After a year and a half of discussions in 2013, the group decided on flying cars. The company they formed was called Cartivator. The company name was created by combining the word car and cultivate with the definition of cultivate being more towards the word pioneer. As the business matured, it became difficult to continue with volunteer workers. This is why in July 2018, about 30 people from Cartivator founded SkyDrive Inc. The company originally had plans to make a flying car, a vehicle that can fly in the "Sky" and "Drive" on the road, hence the name SkyDrive. However, the company is only making eVTOL passenger aircraft at this time.

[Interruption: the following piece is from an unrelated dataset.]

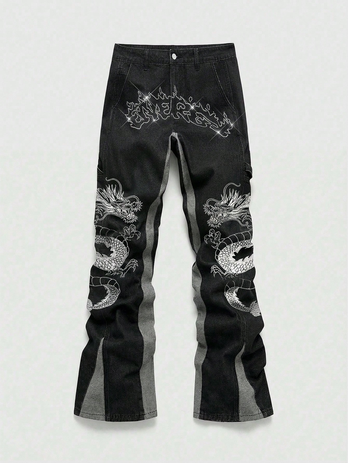 Street Life Jeans évasés à empiècement contrasté avec broderie de dragon pour hommes

SkyLift eVTOL air cargo production drone
SkyLift is a production eVTOL air cargo drone with eight propellers and eight electric motors that is flown remotely or autonomously. The maximum payload of the SkyLift production drone is between 30-50 kg (66-110 lb) depending upon its configuration. If if the fail safe system is removed, the drone can lift up to 50 kg (110 lb). The drone can deliver its payload without landing by hovering and lowering the cargo to the ground using a 30 m (98 ft) hoist. The company has stated that SkyLift is scalable and in the future could carry heavier payloads, as heavy as 100 kg (220 lb), based on customer demand.

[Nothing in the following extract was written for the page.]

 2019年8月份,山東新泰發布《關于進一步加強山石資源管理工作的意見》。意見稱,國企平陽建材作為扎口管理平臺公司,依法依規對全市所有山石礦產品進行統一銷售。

The drone's cruise speed is 36 km/h (22 mph), has a range of 2 km (1.24 miles) and has a flight time between 9-15 minutes depending upon the weight of the payload. The range and flight time of the drone will depend upon the weight of the payload. The redundant systems allow for hazardous products to be safely transported by air. The aircraft is small enough to fit inside the back of a van. The aircraft has fixed skid landing gear to keep complexity and weight to a minimum.
The company has stated the SkyLift is uniquely suited for areas where costs or terrain make it impractical or difficult for a helicopter or crane to operate. The use of the drone also makes working in mountainous and other inaccessible areas more efficient and less dangerous for workers. SkyLift has already been tested successfully by a large Japanese construction company to autonomously deliver materials like sandbags and timber to a remote, hard-to-reach locations.

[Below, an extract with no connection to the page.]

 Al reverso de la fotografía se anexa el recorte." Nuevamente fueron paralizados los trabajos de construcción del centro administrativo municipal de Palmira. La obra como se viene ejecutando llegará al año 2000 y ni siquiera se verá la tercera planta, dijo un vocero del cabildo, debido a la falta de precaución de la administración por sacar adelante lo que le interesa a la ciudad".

SkyDrive foresees the SkyLift to be used for the transportation of any type of cargo in urban or rural areas. The company expects its drones to be used for delivery of goods, construction materials, construction tools, animal control, farm produce, offshore use, medical supplies, and ferrying luggage back and forth to hotels,
The company states by using the Cargo Drone, there will be a reduction in labor hours (because of less of a work load by employees), an increase in safety for employees (less slips and falls or back problems because the drone is doing the heavy lifting) and an increase in employee productivity.
The company has stated that SkyLift is scalable and in the future could carry heavier payloads based on customer demand.
Aircraft type: Scalable eVTOL air cargo production drone
Piloting: Remote or by autonomously
Capacity: Cargo only
Cruise speed: 36 km/h (22 mph)
Range: 2 km (1.24 miles)
Flight time: 9-15 minutes (depending upon the weight of the payload)
Empty weight: 55 kg (121 lb)
Maximum payload: 30-50 kg (66-110 lb)
Hoist option maximum payload: 20 kg (44 lb)
Maximum takeoff weight: Variable
Propellers: 8 propellers
Electric motors: 8 electric motors
Power source: Batteries
Landing gear: Fixed skid landing gear
Safety features: Distributed Electric Propulsion (DEP), provides safety through redundancy for its passengers and/or cargo. DEP means having multiple propellers (or ducted fans) and motors on the aircraft so if one or more propellers (ducted fans) or motors fail, the other working propellers (or ducted fans) and motors can safely land the aircraft. There are also redundancies of critical components in the sub-systems of the aircraft.